ENTRIES SUPPLIED

--- START ---

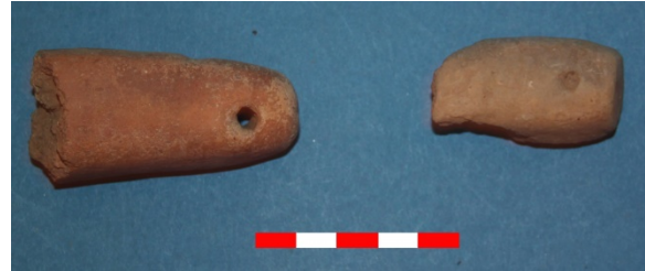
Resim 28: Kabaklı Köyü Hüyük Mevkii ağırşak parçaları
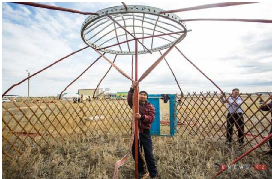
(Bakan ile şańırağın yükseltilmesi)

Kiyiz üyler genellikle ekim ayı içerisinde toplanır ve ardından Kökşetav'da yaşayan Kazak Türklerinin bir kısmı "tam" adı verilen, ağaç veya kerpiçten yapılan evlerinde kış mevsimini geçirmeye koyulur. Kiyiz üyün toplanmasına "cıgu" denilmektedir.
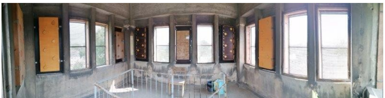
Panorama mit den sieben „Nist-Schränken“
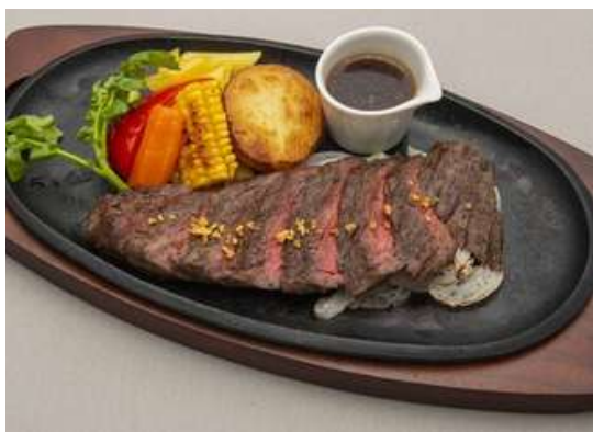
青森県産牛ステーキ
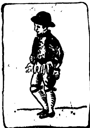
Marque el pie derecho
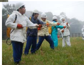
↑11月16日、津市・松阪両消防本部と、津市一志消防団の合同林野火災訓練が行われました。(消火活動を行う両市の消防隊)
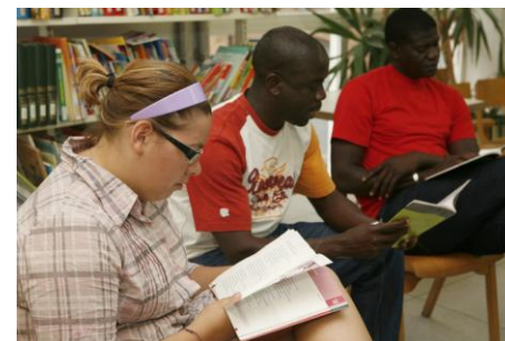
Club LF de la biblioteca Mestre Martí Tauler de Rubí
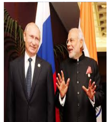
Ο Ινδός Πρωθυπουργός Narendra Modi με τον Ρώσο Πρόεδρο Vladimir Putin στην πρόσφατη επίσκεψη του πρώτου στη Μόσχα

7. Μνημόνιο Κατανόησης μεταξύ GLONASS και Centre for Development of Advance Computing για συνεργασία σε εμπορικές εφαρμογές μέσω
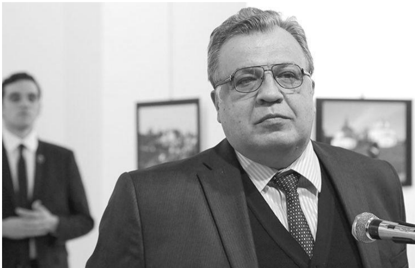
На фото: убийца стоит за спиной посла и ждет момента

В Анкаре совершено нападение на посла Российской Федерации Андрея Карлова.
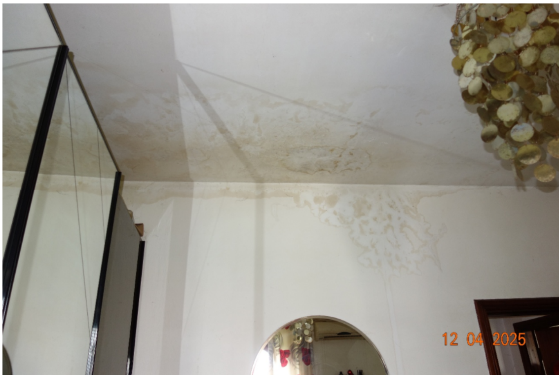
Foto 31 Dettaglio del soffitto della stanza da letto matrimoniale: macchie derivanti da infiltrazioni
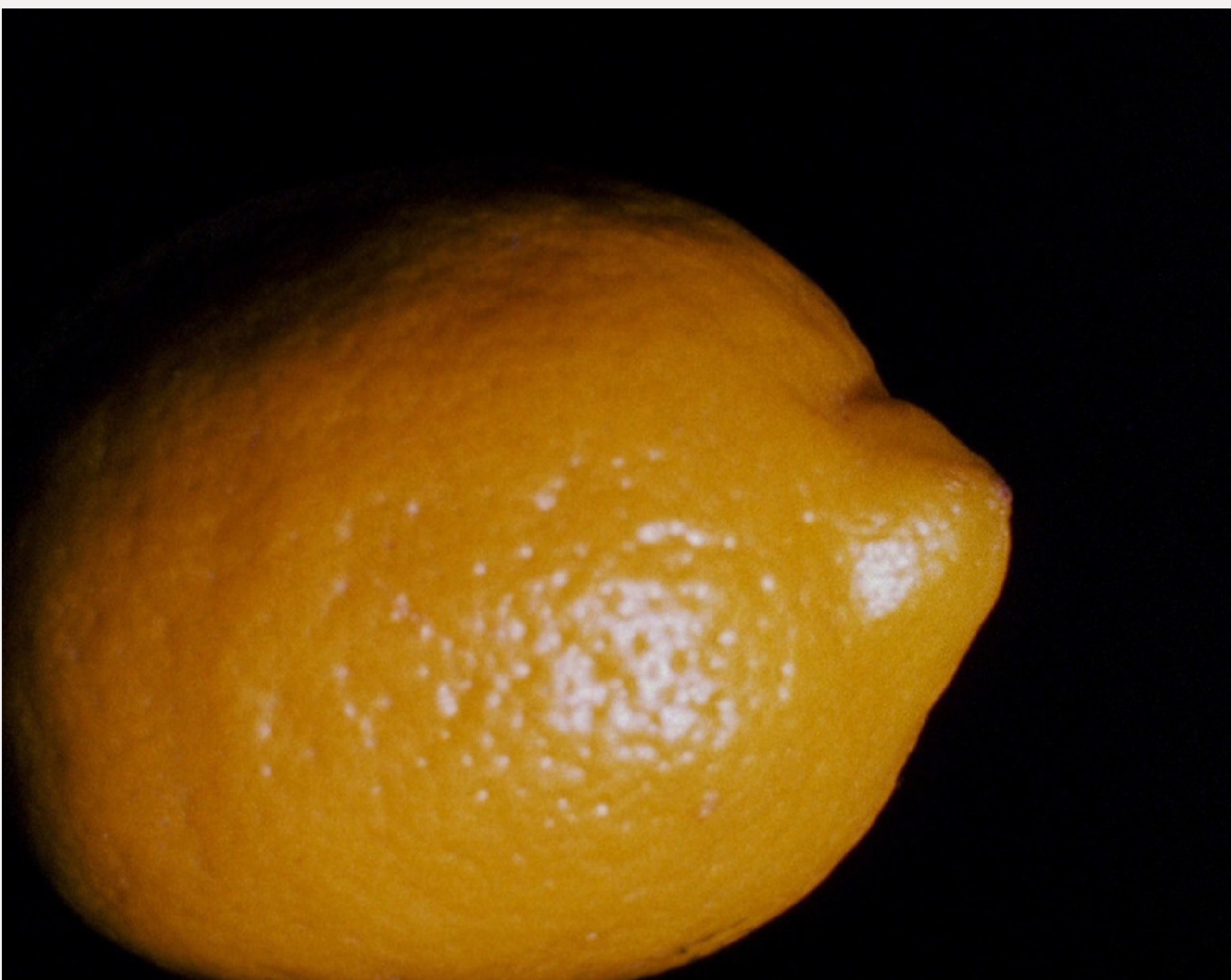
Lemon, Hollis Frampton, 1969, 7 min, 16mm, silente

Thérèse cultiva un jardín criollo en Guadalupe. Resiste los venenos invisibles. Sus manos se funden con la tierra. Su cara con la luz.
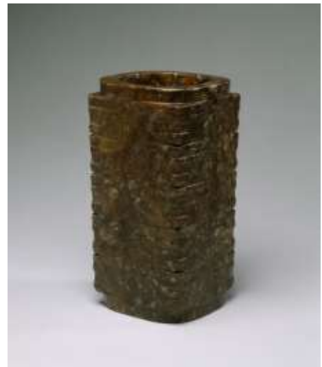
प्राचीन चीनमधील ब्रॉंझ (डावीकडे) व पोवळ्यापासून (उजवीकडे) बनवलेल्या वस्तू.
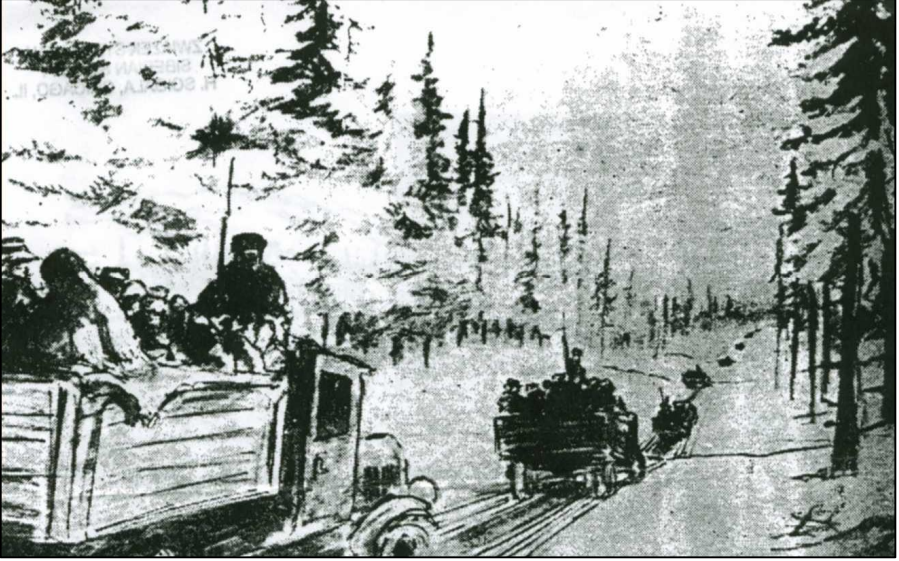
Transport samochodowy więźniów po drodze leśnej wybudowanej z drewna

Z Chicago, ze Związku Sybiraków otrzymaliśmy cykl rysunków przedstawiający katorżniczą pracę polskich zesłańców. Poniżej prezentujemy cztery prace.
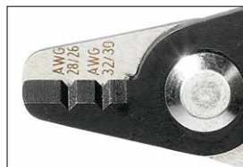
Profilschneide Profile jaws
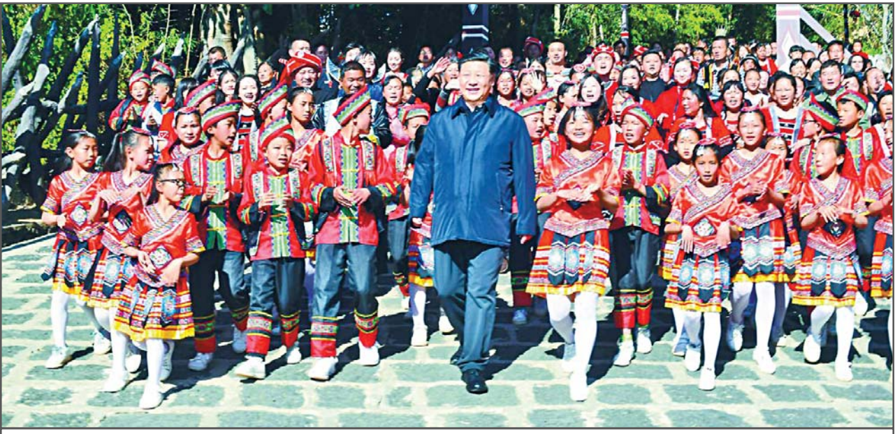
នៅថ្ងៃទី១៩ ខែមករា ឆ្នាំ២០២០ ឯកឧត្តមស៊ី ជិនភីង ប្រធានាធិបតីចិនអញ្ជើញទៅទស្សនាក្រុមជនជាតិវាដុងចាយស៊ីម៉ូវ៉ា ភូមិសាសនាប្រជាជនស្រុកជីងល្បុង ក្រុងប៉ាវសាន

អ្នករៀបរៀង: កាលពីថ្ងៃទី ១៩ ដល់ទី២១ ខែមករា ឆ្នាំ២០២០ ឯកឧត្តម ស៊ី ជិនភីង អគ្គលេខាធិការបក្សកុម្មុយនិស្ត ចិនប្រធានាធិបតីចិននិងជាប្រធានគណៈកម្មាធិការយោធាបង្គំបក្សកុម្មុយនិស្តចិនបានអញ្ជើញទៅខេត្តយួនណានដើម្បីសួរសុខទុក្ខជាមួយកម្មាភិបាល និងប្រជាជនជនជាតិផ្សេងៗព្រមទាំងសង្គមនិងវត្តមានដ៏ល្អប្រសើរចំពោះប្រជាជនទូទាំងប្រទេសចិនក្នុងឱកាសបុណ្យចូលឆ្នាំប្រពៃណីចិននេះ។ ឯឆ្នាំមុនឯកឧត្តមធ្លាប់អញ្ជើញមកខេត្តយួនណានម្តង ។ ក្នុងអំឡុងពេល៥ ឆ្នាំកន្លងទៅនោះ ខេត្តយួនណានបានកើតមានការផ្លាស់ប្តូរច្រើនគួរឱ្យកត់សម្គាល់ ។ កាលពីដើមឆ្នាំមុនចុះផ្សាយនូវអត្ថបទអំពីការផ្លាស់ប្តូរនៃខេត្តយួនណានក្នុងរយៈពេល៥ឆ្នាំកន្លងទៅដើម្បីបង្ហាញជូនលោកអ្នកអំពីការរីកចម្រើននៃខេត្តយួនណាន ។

--- END ---

AIM OF THE EXERCISE
Would you set down every line of the data above exactly, skipping the pictures?

TASK ANSWER
Resim 28: Kabaklı Köyü Hüyük Mevkii ağırşak parçaları
(Bakan ile şańırağın yükseltilmesi)

Kiyiz üyler genellikle ekim ayı içerisinde toplanır ve ardından Kökşetav'da yaşayan Kazak Türklerinin bir kısmı "tam" adı verilen, ağaç veya kerpiçten yapılan evlerinde kış mevsimini geçirmeye koyulur. Kiyiz üyün toplanmasına "cıgu" denilmektedir.
Panorama mit den sieben „Nist-Schränken“
青森県産牛ステーキ
Marque el pie derecho
↑11月16日、津市・松阪両消防本部と、津市一志消防団の合同林野火災訓練が行われました。(消火活動を行う両市の消防隊)
Club LF de la biblioteca Mestre Martí Tauler de Rubí
Ο Ινδός Πρωθυπουργός Narendra Modi με τον Ρώσο Πρόεδρο Vladimir Putin στην πρόσφατη επίσκεψη του πρώτου στη Μόσχα

7. Μνημόνιο Κατανόησης μεταξύ GLONASS και Centre for Development of Advance Computing για συνεργασία σε εμπορικές εφαρμογές μέσω
На фото: убийца стоит за спиной посла и ждет момента

В Анкаре совершено нападение на посла Российской Федерации Андрея Карлова.
Foto 31 Dettaglio del soffitto della stanza da letto matrimoniale: macchie derivanti da infiltrazioni
Lemon, Hollis Frampton, 1969, 7 min, 16mm, silente

Thérèse cultiva un jardín criollo en Guadalupe. Resiste los venenos invisibles. Sus manos se funden con la tierra. Su cara con la luz.
प्राचीन चीनमधील ब्रॉंझ (डावीकडे) व पोवळ्यापासून (उजवीकडे) बनवलेल्या वस्तू.
Transport samochodowy więźniów po drodze leśnej wybudowanej z drewna

Z Chicago, ze Związku Sybiraków otrzymaliśmy cykl rysunków przedstawiający katorżniczą pracę polskich zesłańców. Poniżej prezentujemy cztery prace.
Profilschneide Profile jaws
នៅថ្ងៃទី១៩ ខែមករា ឆ្នាំ២០២០ ឯកឧត្តមស៊ី ជិនភីង ប្រធានាធិបតីចិនអញ្ជើញទៅទស្សនាក្រុមជនជាតិវាដុងចាយស៊ីម៉ូវ៉ា ភូមិសាសនាប្រជាជនស្រុកជីងល្បុង ក្រុងប៉ាវសាន

អ្នករៀបរៀង: កាលពីថ្ងៃទី ១៩ ដល់ទី២១ ខែមករា ឆ្នាំ២០២០ ឯកឧត្តម ស៊ី ជិនភីង អគ្គលេខាធិការបក្សកុម្មុយនិស្ត ចិនប្រធានាធិបតីចិននិងជាប្រធានគណៈកម្មាធិការយោធាបង្គំបក្សកុម្មុយនិស្តចិនបានអញ្ជើញទៅខេត្តយួនណានដើម្បីសួរសុខទុក្ខជាមួយកម្មាភិបាល និងប្រជាជនជនជាតិផ្សេងៗព្រមទាំងសង្គមនិងវត្តមានដ៏ល្អប្រសើរចំពោះប្រជាជនទូទាំងប្រទេសចិនក្នុងឱកាសបុណ្យចូលឆ្នាំប្រពៃណីចិននេះ។ ឯឆ្នាំមុនឯកឧត្តមធ្លាប់អញ្ជើញមកខេត្តយួនណានម្តង ។ ក្នុងអំឡុងពេល៥ ឆ្នាំកន្លងទៅនោះ ខេត្តយួនណានបានកើតមានការផ្លាស់ប្តូរច្រើនគួរឱ្យកត់សម្គាល់ ។ កាលពីដើមឆ្នាំមុនចុះផ្សាយនូវអត្ថបទអំពីការផ្លាស់ប្តូរនៃខេត្តយួនណានក្នុងរយៈពេល៥ឆ្នាំកន្លងទៅដើម្បីបង្ហាញជូនលោកអ្នកអំពីការរីកចម្រើននៃខេត្តយួនណាន ។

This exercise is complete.